**PROBLEM REQUIREMENTS**
Nothing but the text of the listing, repeated exactly, belongs in the answer; leave the images out.

**PROVIDED MATERIAL**

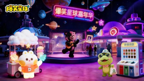 嘉年华结尾,五人一起上台表演,叮当猫的温暖魔法让全场充满笑声,大眼蛙的环保理念传递给了每个人,阿尔一百的搞怪表演点燃全场,唛唛兔和啾啾熊的潮流舞蹈让大家跟着一起跳,整个星球都沉浸在快乐中。
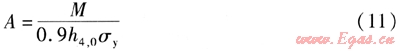 底板計算截面所需的鋼筋截面積A的計算式為:
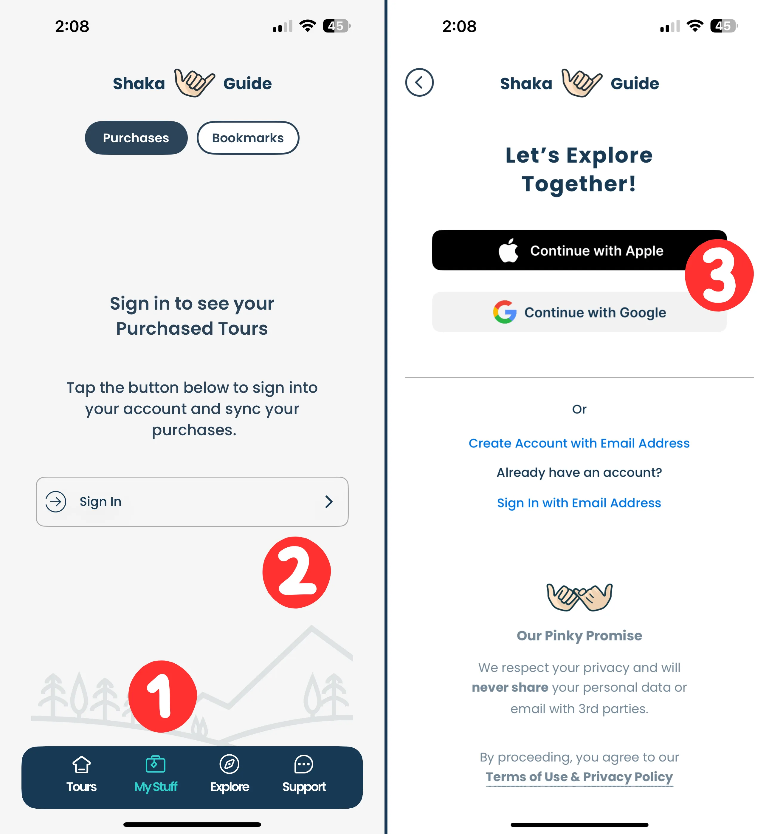 3) Tap on "Sign In" and log in to the app. Make sure you use the same account you created when you purchased your Shaka Guide tour(s).

**YOUR SOLUTION**
 嘉年华结尾,五人一起上台表演,叮当猫的温暖魔法让全场充满笑声,大眼蛙的环保理念传递给了每个人,阿尔一百的搞怪表演点燃全场,唛唛兔和啾啾熊的潮流舞蹈让大家跟着一起跳,整个星球都沉浸在快乐中。
 底板計算截面所需的鋼筋截面積A的計算式為:
 3) Tap on "Sign In" and log in to the app. Make sure you use the same account you created when you purchased your Shaka Guide tour(s).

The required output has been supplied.